Exercise brief = Scan the records below for the line with "The paper by" and the line with "Natural Nanyang Australian", and retype that range exactly, both ends included, pictures excepted.

Study material =
= = = = =

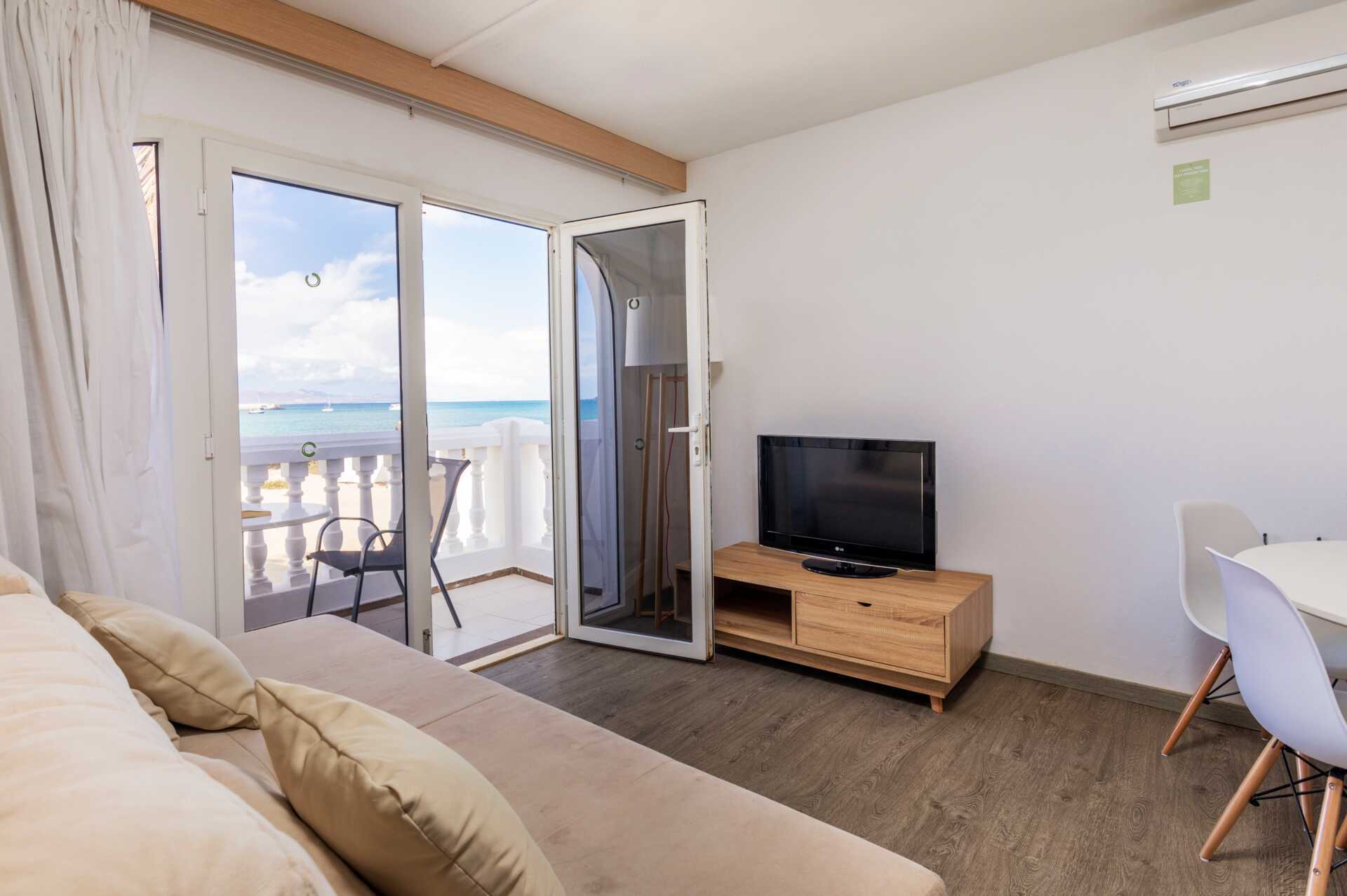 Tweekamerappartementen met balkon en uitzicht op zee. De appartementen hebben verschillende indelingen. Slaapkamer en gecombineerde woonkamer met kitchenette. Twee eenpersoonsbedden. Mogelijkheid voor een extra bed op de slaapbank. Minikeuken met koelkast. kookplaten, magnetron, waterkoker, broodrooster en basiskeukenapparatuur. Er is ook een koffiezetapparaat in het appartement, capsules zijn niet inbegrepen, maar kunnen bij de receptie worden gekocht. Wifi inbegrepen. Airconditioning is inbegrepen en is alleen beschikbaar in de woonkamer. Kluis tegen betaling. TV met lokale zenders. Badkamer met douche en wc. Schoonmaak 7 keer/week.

= = = = =

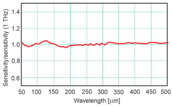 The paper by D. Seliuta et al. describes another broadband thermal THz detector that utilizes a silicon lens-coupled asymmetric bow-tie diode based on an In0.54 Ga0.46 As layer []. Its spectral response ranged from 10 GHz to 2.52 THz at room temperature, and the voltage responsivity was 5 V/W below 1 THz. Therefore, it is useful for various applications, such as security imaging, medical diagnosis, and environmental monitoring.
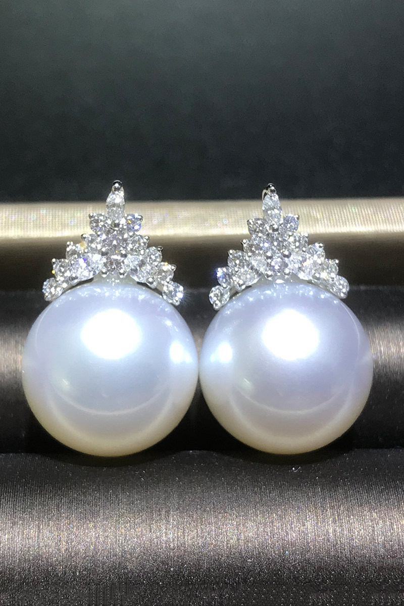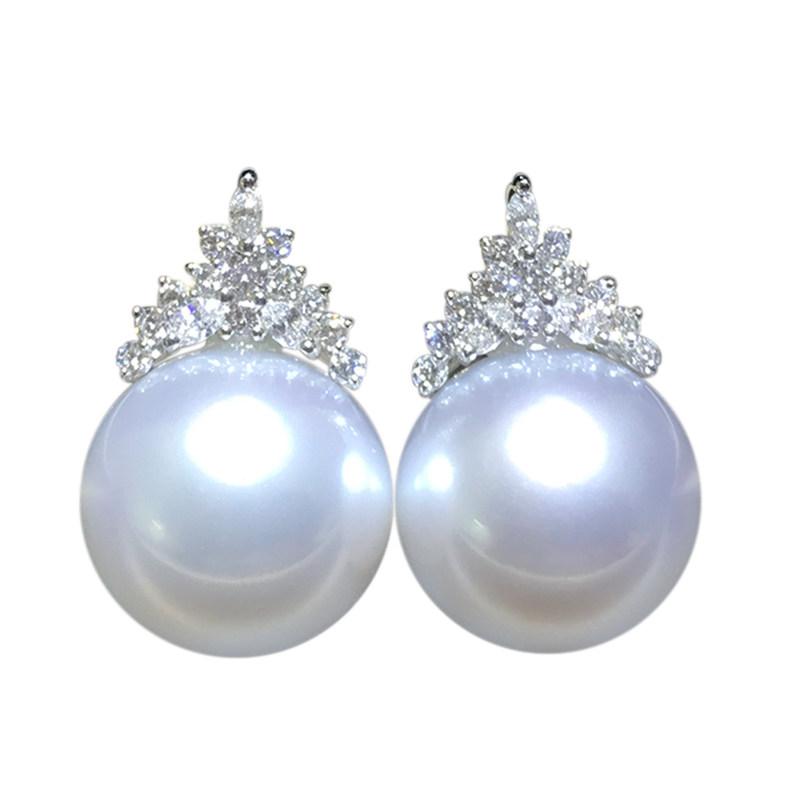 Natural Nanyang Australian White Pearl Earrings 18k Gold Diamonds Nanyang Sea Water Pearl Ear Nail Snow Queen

= = = = =

Reply to the task =
 The paper by D. Seliuta et al. describes another broadband thermal THz detector that utilizes a silicon lens-coupled asymmetric bow-tie diode based on an In0.54 Ga0.46 As layer []. Its spectral response ranged from 10 GHz to 2.52 THz at room temperature, and the voltage responsivity was 5 V/W below 1 THz. Therefore, it is useful for various applications, such as security imaging, medical diagnosis, and environmental monitoring.
 Natural Nanyang Australian White Pearl Earrings 18k Gold Diamonds Nanyang Sea Water Pearl Ear Nail Snow Queen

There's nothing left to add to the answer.